My Wild Ride from Mao to the MetBy Hao Jiang Tian Robert Lipsyte Lois B. Morris

John Wiley & Sons

Copyright © 2008 Hao Jiang Tian
All right reserved.

ISBN: 978-0-470-05641-7

Chapter One

Music Torture

The mood in the Metropolitan Opera rehearsal room was tense and frustrated. Tempers were fraying.

"I can't play it another way. I've changed it so many times already, I just cannot do it again," said the normally accommodating soprano Elizabeth Futral, in a don't-mess-with-me tone of voice.

The December 2006 world premiere of The First Emperor was one week away, and our collective spirit was deteriorating. Every opening of a new production is fraught; multiply that by a hundred for a brand-new opera. But this opera had even more at stake. Plcido Domingo, the biggest star currently on the opera stage, was heading this first-ever Chinese-written, Chinese-directed, Chinese-designed opera, which was also the first-ever collaboration between the Metropolitan Opera and a Chinese creative team. Composer Tan Dun, whose film scores for Crouching Tiger, Hidden Dragon and Hero were his works most familiar to American audiences, had teamed with Chinese film director Zhang Yimou, whose movies had ranged from the small and tragic, such as Raise the Red Lantern, to the spectacular, like Hero. The libretto was written in English by the prize-winning Chinese novelist Ha Jin.

For me, The First Emperor represented the first time in my opera career that I would sing the role of an actual Chinese character in a work about real Chinese history. By that time, I had sung King Timur in Puccini's Italian conception of a Chinese opera, Turandot, at least two hundred times in opera houses all over the world. But never had an opera been presented for Western ears that told an authentic Chinese story, written by a Chinese composer, with a production designed by a Chinese artist. I could bring my personal history and that of my country to bear on this work, in which I was to sing the principal role of the doomed General Wang, who also happens to have some great singing in this opera.

Publicity was everywhere in print and on the airwaves and had been growing for months. Now this opera was being billed as a breakthrough in the history of the art form and even of East-West relations. Oh, the pressure.

"Okay, let's take a twenty-minute break," sighed one of the Met's artistic staff members.

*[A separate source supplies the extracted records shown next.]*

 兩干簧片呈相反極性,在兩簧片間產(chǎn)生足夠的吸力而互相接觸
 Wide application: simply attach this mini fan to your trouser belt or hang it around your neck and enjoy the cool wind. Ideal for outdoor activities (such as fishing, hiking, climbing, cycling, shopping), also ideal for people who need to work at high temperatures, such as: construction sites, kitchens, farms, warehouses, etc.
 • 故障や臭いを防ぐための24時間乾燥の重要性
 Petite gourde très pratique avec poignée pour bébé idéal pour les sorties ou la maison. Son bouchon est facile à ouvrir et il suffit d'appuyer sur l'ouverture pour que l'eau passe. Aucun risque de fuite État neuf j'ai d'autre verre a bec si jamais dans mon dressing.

As the cast and production crew began to wander off, I sat down to let my fingers loose on the piano. I needed to lighten the mood. The tune that came to my fingers was "The East Is Red," the omnipresent anthem from the long-gone era of the Cultural Revolution. And then, all around me, one by one, Chinese voices began to sing:

Dongfan hong, taiyang sheng, Zhongguo chu liao ge Mao Zedong, Ta wei renmin mou xingu, Hu er hei you, ta shi renmin da jiu xing.

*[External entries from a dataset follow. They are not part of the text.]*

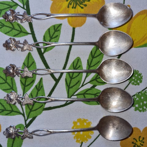 Alpakka ruusukahvilusikat, 9 kpl. 12€ toridiilillä postit ostajalle tai nouto Tuusula Riihikallio. Sopii vaikka korujen aihioksi osaavalle.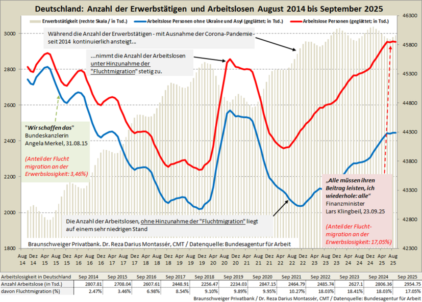 Aus der humanistischen Sicht muss klar postuliert werden, dass es sicherlich ein hehres Ziel der Bundeskanzlerin war, zu helfen und zu versuchen, das Leid der vielen Flüchtlinge vor Krieg und Terror zu mindern. Doch ihre Fehleinschätzung war wohl, dass Deutschland allein die finanzielle und integrative Last der Millionen von Flüchtlingen tragen können würde. Doch auch heute, zehn Jahre nach der ersten großen Flüchtlingswelle nach Deutschland, ist die Politik nicht ehrlich und gaukelt den Menschen Halbwahrheiten vor. Ein Beispiel hierfür sind die Arbeitsmarktzahlen in Deutschland. Als im vergangenen August die Arbeitslosenzahl in Deutschland erstmals seit Februar 2015 wieder über drei Millionen stieg, wurde das als sicheres Zeichen der schwachen Wirtschaft gedeutet. Bundeskanzler Merz kommentierte: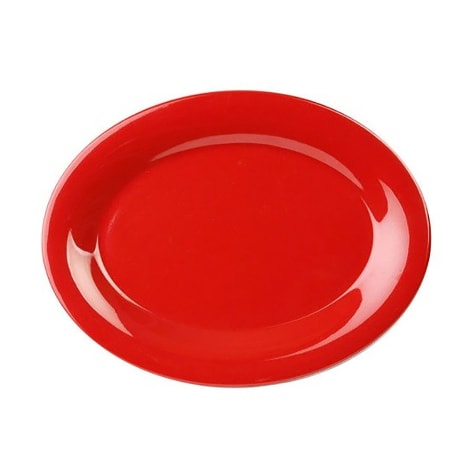 Add a splash of color to your table with this 13.5" x 10.5" oval red platter from Thunder Group! This platter is made from break-resistant melamine material and is perfect for buffets or restaurants.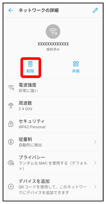 - アクセスポイントを削除すると、再接続のときにパスワードの入力が必要になる場合があります。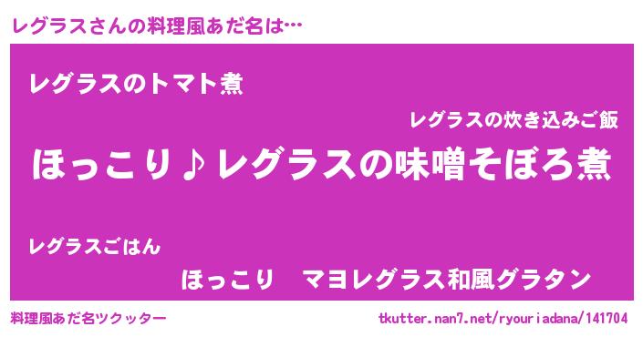 | 男性向けラノベタイトル風あだ名 | 『レグラスの憂鬱』『レグラススレイヤー』 |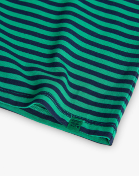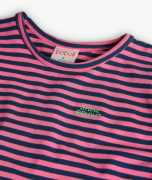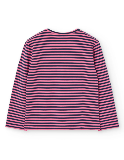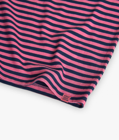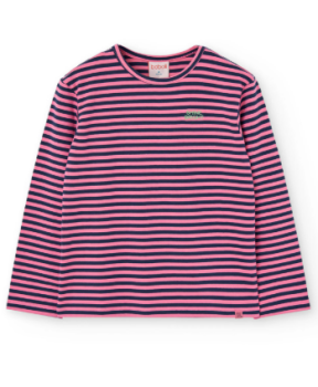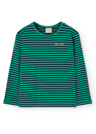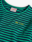 Triibuline pikkade varrukatega pluus tüdrukule, mis ühendab mugavuse ja rõõmsad värvid. Klassikaline triibuline muster annab särgile ajatu välimuse, samal ajal kui väike tikitud tekst rinnal lisab mängulise detaili.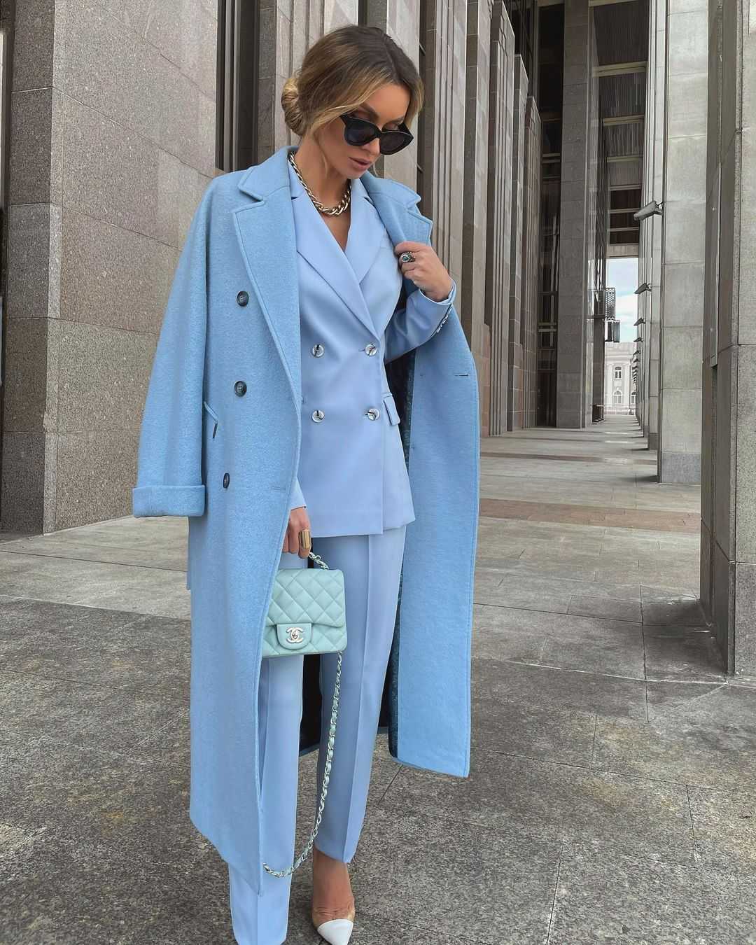 Комплектом total look в оттенках синего едва ли удастся кого-то удивить. Такое решение является достаточно распространенным и безопасным. Если вы попробуете составить вариант в сапфировом цвете, то он будет выглядеть даже интереснее, чем при использовании спектрального синего.

Our peals of laughter must have rolled out like a tidal wave into the hallway. The people from the Met and the non-Chinese performers, who had no idea what we were singing about, rushed back in. They were astonished to find Zhang Yimou, normally so dour, singing and raising his fist to the sky in a gesture familiar to anyone who had been alive during the Cultural Revolution. And his codirector, Wang Chaoge, who had been the most stressed out of his team, was actually dancing! Now all the singers were back in the room, and everybody was laughing, something no one had expected to experience during this rehearsal.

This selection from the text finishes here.